Based on a recent previous post regarding putative batch effect consideration and possible correction for downstream analysis (Putative batch effect assessment and correction for downstream DE analysis with microarray dataset), i show a specific part of my code regarding a statistical downstream analysis with limma in R, for an affymetrix microarray (after normalization and filtering, without batch effect correction):

group <- eset.rma$characteristics_ch1.2.group # condition/variable of interest

batch <- eset.rma$characteristics_ch1.3.batch # the study that each sample originates

levels(group)

[1] "Normal" "SLE"

table(group)

group

Normal    SLE

   30    150

table(batch)

batch

Additional HCs      ILLUMINATE-1                ILLUMINATE-2

           30               74                            76

table(comb)

comb

Normal_Additional HCs      SLE_ILLUMINATE-1      SLE_ILLUMINATE-2

                  30                             74                                           76

design <- model.matrix(~group + batch)

fit <- lmFit(eset.filtered,design)

Coefficients not estimable: batchILLUMINATE-2

Warning message:

Partial NA coefficients for 28982 probe(s)

head(design)

   (Intercept) groupSLE batchILLUMINATE-1 batchILLUMINATE-2

1           1        0                 0                 0

2           1        0                 0                 0

3           1        0                 0                 0

4           1        0                 0                 0

5           1        0                 0                 0

6           1        0                 0                 0

fit2 <- eBayes(fit,robust=TRUE,trend=TRUE)

Warning messages:

1: In out$var.prior[is.na(out$var.prior)] <- 1/out$s2.prior :

 number of items to replace is not a multiple of replacement length

2: In ebayes(fit = fit, proportion = proportion, stdev.coef.lim = stdev.coef.lim,  :

 Estimation of var.prior failed - set to default value

head(fit2$coefficients)

                (Intercept)    groupSLE        batchILLUMINATE-1

TC01000001.hg.1    8.544837 -0.74892092        0.01868471

TC01000004.hg.1    5.747258  0.38620409       -0.29748385

TC01000005.hg.1   11.016003 -0.19336129       -0.19723122

TC01000006.hg.1   12.578547 -0.05337643       -0.04274937

TC01000007.hg.1   13.000369 -0.15541910       -0.09165933

TC01000008.hg.1    8.235910  0.04377552       -0.27044804

                               batchILLUMINATE-2

TC01000001.hg.1                NA

TC01000004.hg.1                NA

TC01000005.hg.1                NA

TC01000006.hg.1                NA

TC01000007.hg.1                NA

TC01000008.hg.1                NA

Overall, i can understand from the above warnings, that due to the possible confounding of my variable of interest –group with the batch variable ,there are possibly no available degrees of freedom to compute this specific coef. However, regarding my main goal, that is the groupSLE coef/comparison, can i "trust" my above results, when i include the batch variable in the design matrix, even the relative coef batchILLUMINATE-2 is not estimable ?
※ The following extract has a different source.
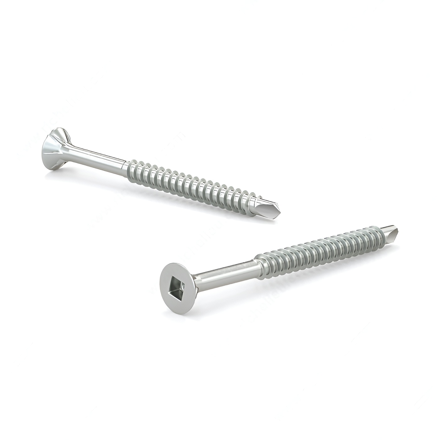 PREMIUM HYBRID Wood Screw, Flat Head with Nibs, Square Drive, Fine Thread, TEK Point
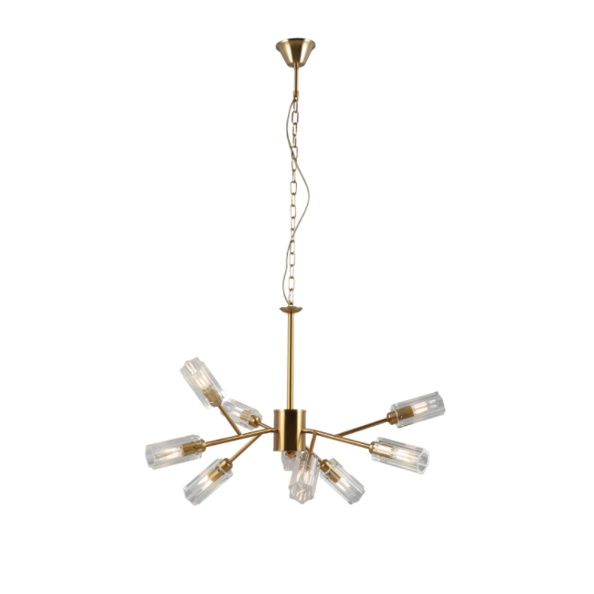 শক্তিশালী আলো 9-আলো কাচের সোনার ঝাড়বাতি: 9 ই 14 বাল্বগুলি একটি রেডিয়াল শাখার আকারে সাজানো হয়। সুনির্দিষ্ট কোণ গণনার মাধ্যমে, এটি 300 লাক্সের গড় আলোকসজ্জার সাথে 360 ° অবরুদ্ধ আলোগুলি অর্জন করে, 12-20㎡ স্পেসের বাণিজ্যিক এবং হোম লাইটিংয়ের প্রয়োজনীয়তা পূরণ করে।

(*My final notion for including the batch, is despite the fact that from the plots in my previous post mentioned there is no strong signal for batch effect[-link above], however, i would like to take into account the information about the origin of study in each sample-in order, to perhaps avoid possible cased of DE genes that would be due to batch differences in expression).

Any help/suggestion would be much appreciated !!!